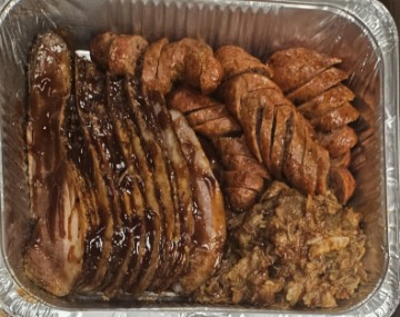 1 lb each of our House Smoked Meats. Sliced Beef Brisket, Hot Italian Sausage and Pulled Pork. Includes 24 oz. of Cole Slaw, 24 oz of Baked Beans, Pickles, BBQ Sauce and 12 Liscio's Slider Rolls. Feeds 6.
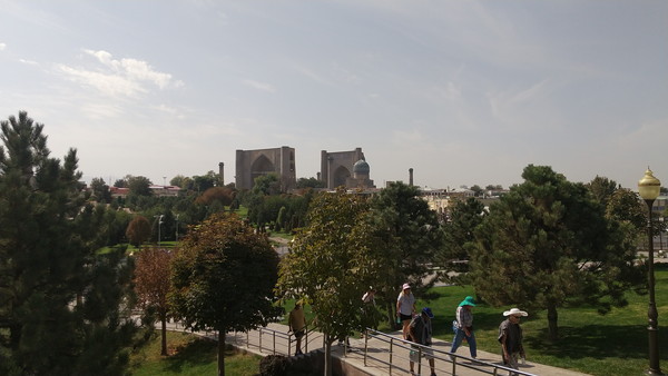 モスク前の休憩スペースから見える景観は素晴らしく、遠くにはビビハニム・モスクが見えます。この距離でもひときわ存在感を放っており、あのモスクが如何に巨大か分かります。
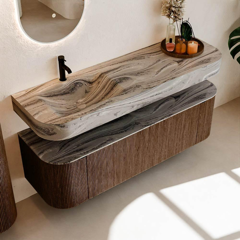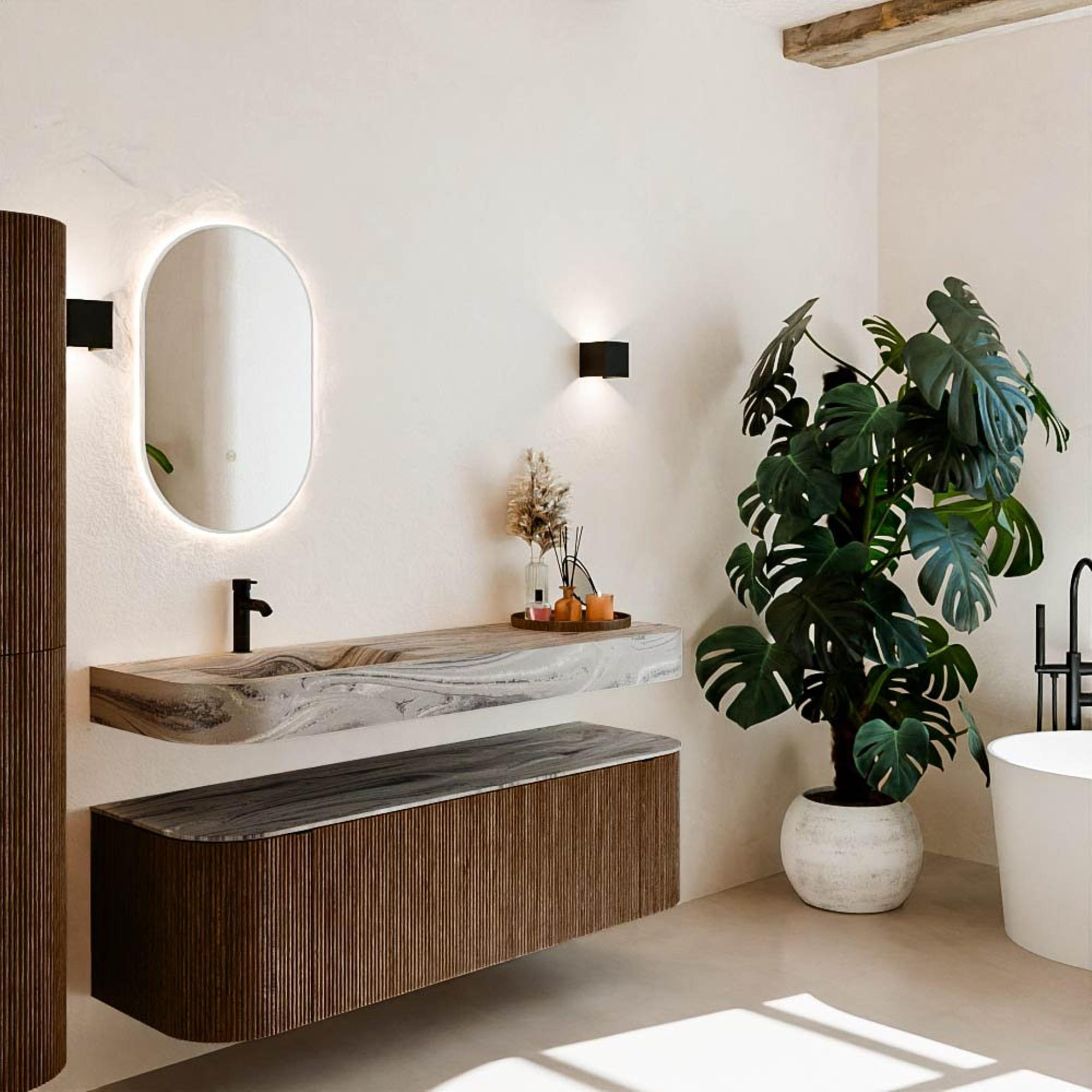 Matériaux naturels dans des tons chauds. Les nervures verticales apportent rythme et texture au design, tandis que le chêne confère une apparence chaleureuse et artisanale. Choisissez parmi 5 teintes de bois OAK, WALNUT, DUSK, SHADOW et RUBY, des couleurs de bois soigneusement sélectionnées pour enrichir les salles de bains modernes et classiques.

^^^^^^^^

Task:
Set down word for word, from the line that contains "モスク前の休憩スペースから見" to the end of the listing above, every line and no picture.

Answer box:
 モスク前の休憩スペースから見える景観は素晴らしく、遠くにはビビハニム・モスクが見えます。この距離でもひときわ存在感を放っており、あのモスクが如何に巨大か分かります。
 Matériaux naturels dans des tons chauds. Les nervures verticales apportent rythme et texture au design, tandis que le chêne confère une apparence chaleureuse et artisanale. Choisissez parmi 5 teintes de bois OAK, WALNUT, DUSK, SHADOW et RUBY, des couleurs de bois soigneusement sélectionnées pour enrichir les salles de bains modernes et classiques.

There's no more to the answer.